#351 Honey “Million” (2013)

Nowa płyta Honey jest dla mnie wielkim zaskoczeniem. Myślałam, że dziewczyna da sobie spokój ze śpiewaniem i zajmie się modą. Nic z tego. Dwa lata po debiucie otrzymujemy album “Million”. Włączyłam go pełna obaw, bo nie mam dobrych wspomnień związanych z poprzednim krążkiem polskiej wokalistki. Płyta “Honey” jest straszna. Pełna tanecznych utworów zrobionych na jedno kopyto. Żadna z piosenek się nie wyróżniała. Żadna nie zapadła w pamięć. Wadą albumu była również sama Honey, której wokal pozostawiał wiele do życzenia. Miała ciekawą barwę, ale nie była dobrze przygotowana technicznie. Wokalistce brakowało też własnego stylu. Była gorszą wersją Ke$hy. Czy w ciągu dwóch lat otworzyła się trochę i w swoich piosenkach pokaże nam siebie?
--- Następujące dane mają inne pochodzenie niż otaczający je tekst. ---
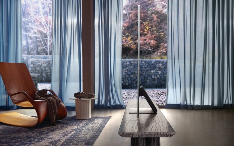 The hardware itself has an Infinity Screen bezel-free design, which basically means that though there's a "Pure Metal Plate" surround you're probably not going to notice it from the typical viewing distance. Ambient Mode allows it to blend into the wall by matching the paint color. OTS Pro (Object Tracking Sound) pairs surround sound aligned with what's happening on-screen for more directionality, with two extra tweeters to power it.
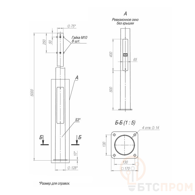 Опора ОККф-5.0(К170-130-4х14)-ц В00001889 от производителя "Пересвет" — это надежная металлическая силовая конструкция, предназначенная для монтажа и стабилизации наземных столбов освещения и других инженерных сооружений. Изделие характеризуется высокой механической прочностью и устойчивостью к статическим и динамическим нагрузкам, что обеспечивает длительный срок службы всей конструкции.

Największą inspiracją do powstania tej płyty była Wielka Improwizacja z 3 cz. Dziadów A. Mickiewicza. Wtedy właśnie z ust Konrada padły słowa “nazywam się milijon, bo za milijony kocham i cierpię katusze”. Podczas pisania piosenek na MILLION, czułam się skłócona z całym światem, ze wszystkim co mnie otacza, a przede wszystkim toczyłam wewnętrzną walkę z samą sobą

– tak powstanie tego albumu komentuje sama Honey. Uznałam to niedawno za największy obciach 2013 roku i zdania nie zmienię. Po prostu nie pasuje mi porównanie polskiej wokalistki do bohatera Mickiewicza. Tym bardziej, że słuchając “Million” zupełnie nie odczuwam buntu przeciwko całemu światu. Nie te problemy, sytuacja życiowa i otaczająca rzeczywistość.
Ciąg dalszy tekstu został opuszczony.